Children in conflicts, Education in emergencies, Right to education, Safe schools, Teachers and learning

Violent extremist groups have targeted schools and threatened teachers in the north of the country.


Violence and hunger are taking their toll on children and their education in the troubled north of Burkina Faso.

Hundreds of schools are closed – many of them because teachers are scared of being targeted by extremist groups. Some families too are frightened of the growing lack of security in remote regions and are fleeing to safer parts of the country.

To add to the problems, ethnic violence in neighbouring Mali has driven about 3000 people over the border into an area of Burkina Faso that is also facing a massive malnutrition crisis after a drought.

“insecurity is rising in the north of Burkina Faso, with recurrent acts of banditry and violence in areas that are hosting Malian refugees,” said William Spindler, spokesman for the United Nations refugee agency UNHCR.

“Refugees have no work opportunities, in order to sustain themselves, and parents are afraid to send their children to school.”

Last year, 500 schools were shut and teachers went into hiding following threats and the killing of a head teacher. Teachers had been told by jihadists to change their secular curriculum to Koranic education and replace French with Arabic, according to the country’s education minister.

“They were trying to create a general psychosis to stop education in this country,” said Jean-Martin Coulibaly.

But by April 2017 beefed-up security and a bigger military presence persuaded many teachers to return. Now that confidence has subsided, with the violence increasing again.

Two hundred schools are now closed in the region, leaving about 20,000 students and 800 teachers idle, say authorities. Last month schoolchildren protested in the streets, asking teachers to allow end-of-term exams to go ahead despite the threat of violence.

A teacher was kidnapped from a primary school in the town of Nassoubou in April by the jihadist group the Islamic State in the Greater Sahara. They said it was because “he was speaking French to the pupils”.
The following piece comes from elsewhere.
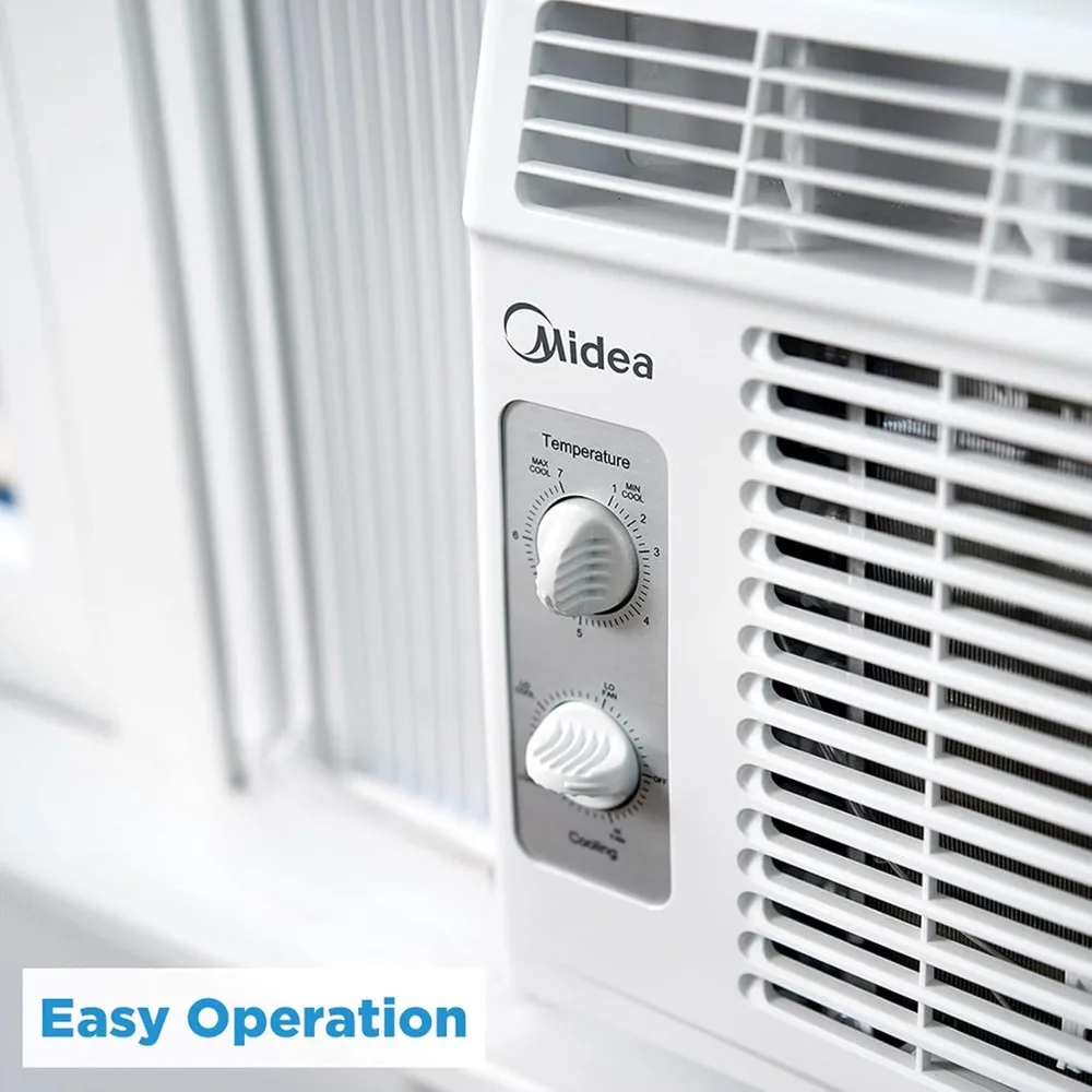 - PERFECT FOR SMALLER ROOMS - Affordable Window AC unit is perfect to help your room be as comfortable as possible. It can cool 150 sq. ft. with 7 temperature settings, 2 cooling/2 fan-only speeds, and 2-way air direction to give you the perfect amount of cooling every time.Controller type:Button Control.Air Flow efficiency:145 CFM. Moisture removal-1.27 pints/ hr.Core material : Copper..Control Type : Electronic. Refrigerant : R410A.

A UNICEF report said: “Attacks or threats by violent extremist groups targeting schools and security posts have caused widespread fear among the population, especially teachers, and has led to the closure of several schools in the region.”

Figures from the UN children’s agency and the education ministry last month said 15,000 students in the Sahel region had been affected by school closures – in a region where 82% of children aged six to 11 were already out of school.

In the northern market town of Djibo – on the edge of the Sahara – even the court has closed because staff are too afraid to work.

“The schools have closed, the town halls as well and now it’s the turn of the courthouse. Have we lost the north of our country?” asked Kouliga Nikiema from the opposition party Union for Progress and Change.